SOURCE MATERIAL:
○ ○ ○ ○

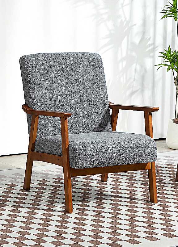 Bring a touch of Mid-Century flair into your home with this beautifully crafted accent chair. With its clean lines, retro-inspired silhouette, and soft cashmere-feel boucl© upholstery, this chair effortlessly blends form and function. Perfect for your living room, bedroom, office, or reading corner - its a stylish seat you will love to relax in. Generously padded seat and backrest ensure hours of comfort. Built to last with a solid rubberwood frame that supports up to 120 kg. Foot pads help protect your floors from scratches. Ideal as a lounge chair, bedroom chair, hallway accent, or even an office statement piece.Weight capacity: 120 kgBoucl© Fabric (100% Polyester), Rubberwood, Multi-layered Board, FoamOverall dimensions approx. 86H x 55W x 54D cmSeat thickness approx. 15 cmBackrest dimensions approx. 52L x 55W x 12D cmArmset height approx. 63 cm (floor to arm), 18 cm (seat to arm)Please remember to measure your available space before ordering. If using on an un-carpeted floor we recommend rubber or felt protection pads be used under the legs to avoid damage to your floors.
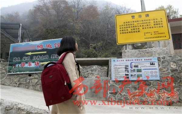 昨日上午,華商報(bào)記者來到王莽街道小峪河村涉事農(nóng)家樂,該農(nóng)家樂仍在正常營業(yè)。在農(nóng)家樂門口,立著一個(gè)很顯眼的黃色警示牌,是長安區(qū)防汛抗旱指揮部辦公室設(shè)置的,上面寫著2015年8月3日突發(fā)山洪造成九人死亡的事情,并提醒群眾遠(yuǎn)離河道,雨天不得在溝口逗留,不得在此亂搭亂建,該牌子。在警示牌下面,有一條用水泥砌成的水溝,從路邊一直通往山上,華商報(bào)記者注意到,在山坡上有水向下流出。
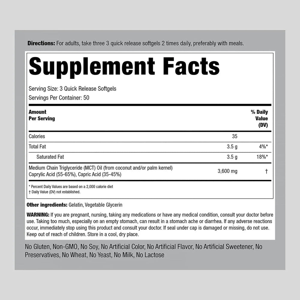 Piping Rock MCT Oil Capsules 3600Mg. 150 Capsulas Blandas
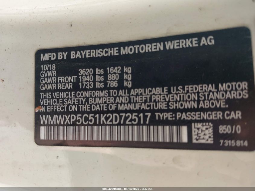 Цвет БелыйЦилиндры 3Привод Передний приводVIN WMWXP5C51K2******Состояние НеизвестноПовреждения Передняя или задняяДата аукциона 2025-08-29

○ ○ ○ ○

THE TASK: Write the listing out in full, exactly; no images.

TASK RESPONSE:
 Bring a touch of Mid-Century flair into your home with this beautifully crafted accent chair. With its clean lines, retro-inspired silhouette, and soft cashmere-feel boucl© upholstery, this chair effortlessly blends form and function. Perfect for your living room, bedroom, office, or reading corner - its a stylish seat you will love to relax in. Generously padded seat and backrest ensure hours of comfort. Built to last with a solid rubberwood frame that supports up to 120 kg. Foot pads help protect your floors from scratches. Ideal as a lounge chair, bedroom chair, hallway accent, or even an office statement piece.Weight capacity: 120 kgBoucl© Fabric (100% Polyester), Rubberwood, Multi-layered Board, FoamOverall dimensions approx. 86H x 55W x 54D cmSeat thickness approx. 15 cmBackrest dimensions approx. 52L x 55W x 12D cmArmset height approx. 63 cm (floor to arm), 18 cm (seat to arm)Please remember to measure your available space before ordering. If using on an un-carpeted floor we recommend rubber or felt protection pads be used under the legs to avoid damage to your floors.
 昨日上午,華商報(bào)記者來到王莽街道小峪河村涉事農(nóng)家樂,該農(nóng)家樂仍在正常營業(yè)。在農(nóng)家樂門口,立著一個(gè)很顯眼的黃色警示牌,是長安區(qū)防汛抗旱指揮部辦公室設(shè)置的,上面寫著2015年8月3日突發(fā)山洪造成九人死亡的事情,并提醒群眾遠(yuǎn)離河道,雨天不得在溝口逗留,不得在此亂搭亂建,該牌子。在警示牌下面,有一條用水泥砌成的水溝,從路邊一直通往山上,華商報(bào)記者注意到,在山坡上有水向下流出。
 Piping Rock MCT Oil Capsules 3600Mg. 150 Capsulas Blandas
 Цвет БелыйЦилиндры 3Привод Передний приводVIN WMWXP5C51K2******Состояние НеизвестноПовреждения Передняя или задняяДата аукциона 2025-08-29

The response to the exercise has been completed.